WHAT THE TASK ASKS
The lines to print run from the top of the material below to the line with "Pidgey 2000 Base", inclusive; please copy them exactly, without pictures.

══ RECORDS FOR THE EXERCISE

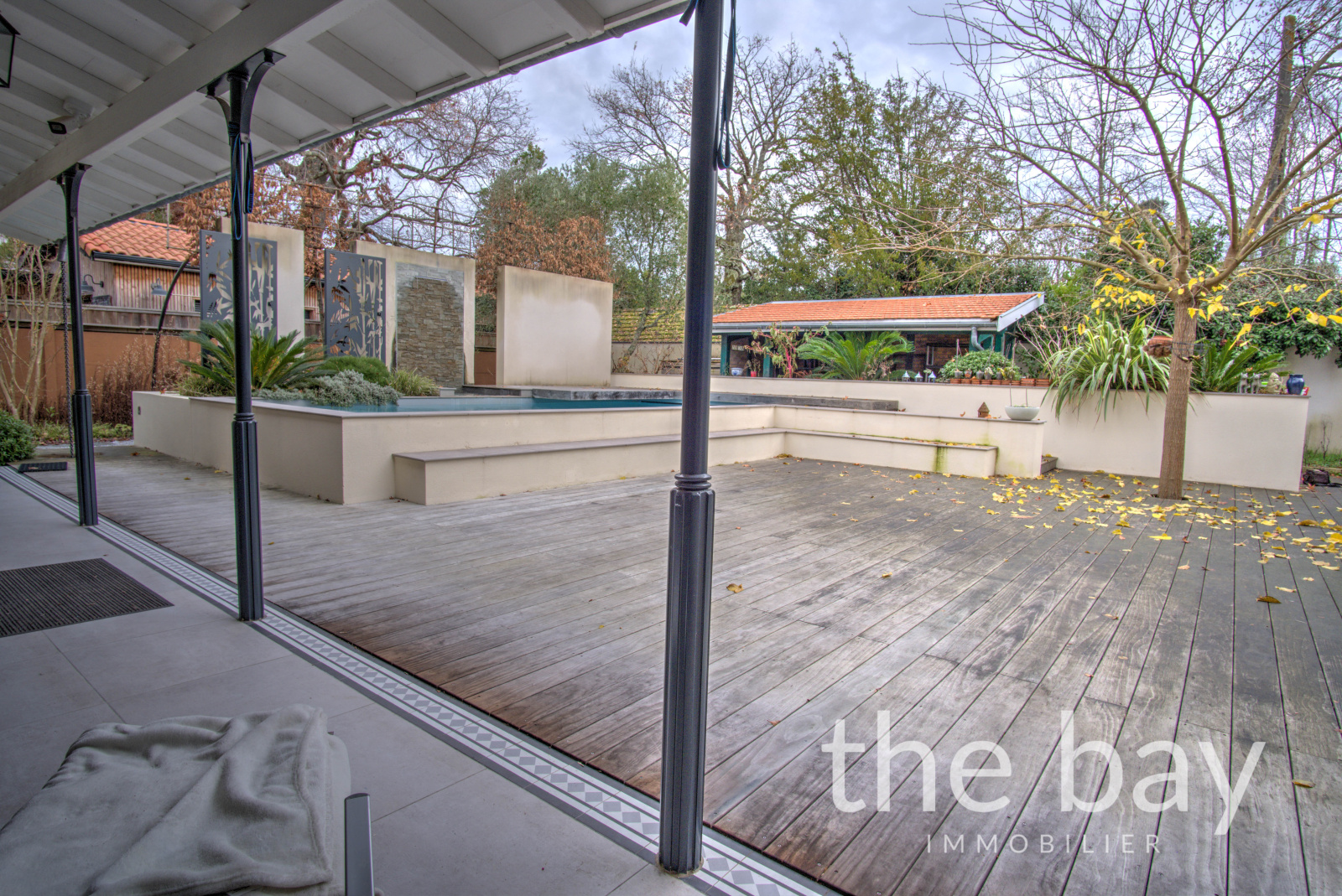 Développant environ 240 m² habitables, cette propriété harmonieuse et parfaitement aboutie a été pensée pour profiter pleinement de la douceur de vivre du Bassin, aussi bien en résidence principale qu’en villégiature.
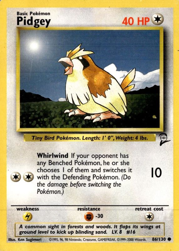 Pidgey 2000 Base Set 2 #86/130 Base RAW TCG (LIGHTLY PLAYED) Price Guide
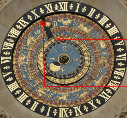 La lune traverse le méridien et donne l’heure de la marée haute à London Bridge (fleche rouge)
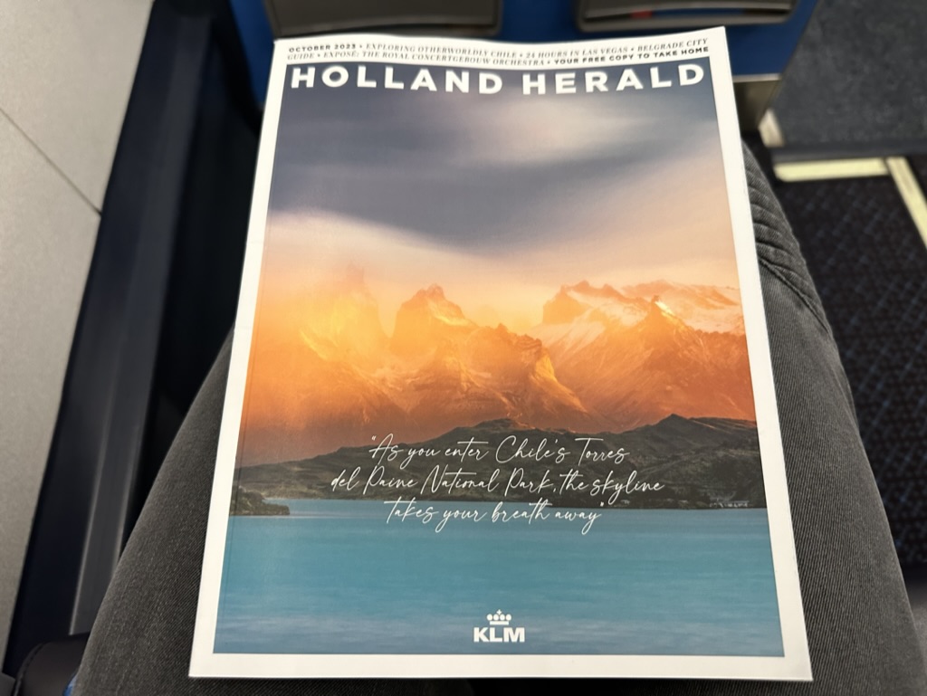 Noch am Boden wurden Wasserflaschen verteilt. KLM bietet sogar noch ein Bordmagazin, eine gute Gelegenheit sich die Zeit zu vertreiben bis es los geht.
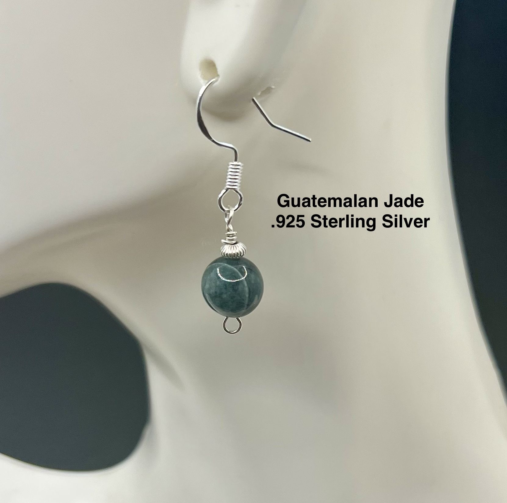 Guatemalan Genuine Green Jade .925 Sterling Silver Earrings RARE
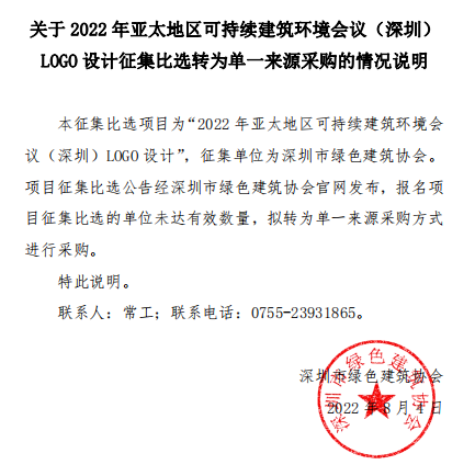 關(guān)于 2022 年亞太地區(qū)可持續(xù)建筑環(huán)境會(huì)議(深圳) LOGO 設(shè)計(jì)征集比選轉(zhuǎn)為單一來(lái)源采購(gòu)的情況說(shuō)明

════

ANSWER FOR THIS EXERCISE
 Développant environ 240 m² habitables, cette propriété harmonieuse et parfaitement aboutie a été pensée pour profiter pleinement de la douceur de vivre du Bassin, aussi bien en résidence principale qu’en villégiature.
 Pidgey 2000 Base Set 2 #86/130 Base RAW TCG (LIGHTLY PLAYED) Price Guide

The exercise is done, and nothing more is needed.